Purpose: Point-of-care ultrasound (POCUS) helps emergency department (ED) physicians make prompt and appropriate decisions, but the optimal diagnostic integration and potential clinical benefits remain unclear. We describe the protocol and statistical analysis plan for a randomized controlled trial. The objective is to determine the effect of a POCUS-driven diagnostic pathway in adult dyspneic ED patients on the proportion of patients having a hospital stay of less than 24 hours when compared to the standard diagnostic pathway.

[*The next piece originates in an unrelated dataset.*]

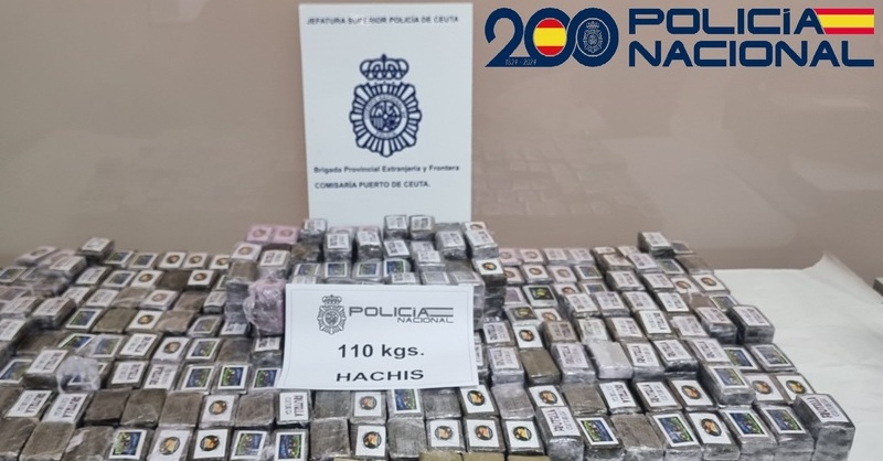 En su vehículo, en el interior de los huecos del equipamiento, se encontró la cantidad de 1.036 pastillas de hachís, que han arrojado un peso total de 110 kilogramos de dicha sustancia estupefaciente

Patients and methods: This is a multicenter, randomized, investigator-initiated, open-labeled, pragmatic, controlled trial. Adult ED patients with chief complaint dyspnea are eligible. Patients are randomized (1:1) to the POCUS-driven diagnostic pathway or standard diagnostic pathway, with 337 patients in each group. The primary outcome is the proportion of patients having a hospital stay (from ED arrival to hospital discharge) of less than 24 hours. Key secondary outcomes include hospital length-of-stay, 72-hour revisits, and 30-day hospital-free days.

Conclusion: Sparse evidence exists for any clinical benefit from a POCUS-integrated diagnostic pathway. The results from this trial will help clarify the promising signals for POCUS to influence patient care among ED patients with dyspnea.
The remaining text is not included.